What is required: Among the lines below, a stretch begins at the one with "[문제] 농협 창립 기념" and ends at the one with "Stilingas BAAGL mokyklinis". Repeat that stretch exactly, ends included.

Data to process:
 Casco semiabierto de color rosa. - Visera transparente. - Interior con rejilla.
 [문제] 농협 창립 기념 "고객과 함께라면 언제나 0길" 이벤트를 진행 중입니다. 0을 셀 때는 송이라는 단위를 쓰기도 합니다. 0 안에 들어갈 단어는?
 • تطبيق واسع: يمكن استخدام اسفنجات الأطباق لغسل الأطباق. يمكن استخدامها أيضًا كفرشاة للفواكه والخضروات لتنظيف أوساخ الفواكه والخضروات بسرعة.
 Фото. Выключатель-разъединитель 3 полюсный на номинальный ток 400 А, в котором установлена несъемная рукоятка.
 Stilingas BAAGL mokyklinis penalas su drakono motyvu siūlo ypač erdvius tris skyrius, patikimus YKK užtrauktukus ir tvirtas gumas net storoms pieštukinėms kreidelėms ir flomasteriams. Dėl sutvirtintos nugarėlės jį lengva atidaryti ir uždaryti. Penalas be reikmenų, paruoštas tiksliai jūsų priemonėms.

--

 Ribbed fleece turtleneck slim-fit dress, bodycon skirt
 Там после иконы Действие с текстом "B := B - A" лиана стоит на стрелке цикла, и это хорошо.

Answer for this exercise:
 [문제] 농협 창립 기념 "고객과 함께라면 언제나 0길" 이벤트를 진행 중입니다. 0을 셀 때는 송이라는 단위를 쓰기도 합니다. 0 안에 들어갈 단어는?
 • تطبيق واسع: يمكن استخدام اسفنجات الأطباق لغسل الأطباق. يمكن استخدامها أيضًا كفرشاة للفواكه والخضروات لتنظيف أوساخ الفواكه والخضروات بسرعة.
 Фото. Выключатель-разъединитель 3 полюсный на номинальный ток 400 А, в котором установлена несъемная рукоятка.
 Stilingas BAAGL mokyklinis penalas su drakono motyvu siūlo ypač erdvius tris skyrius, patikimus YKK užtrauktukus ir tvirtas gumas net storoms pieštukinėms kreidelėms ir flomasteriams. Dėl sutvirtintos nugarėlės jį lengva atidaryti ir uždaryti. Penalas be reikmenų, paruoštas tiksliai jūsų priemonėms.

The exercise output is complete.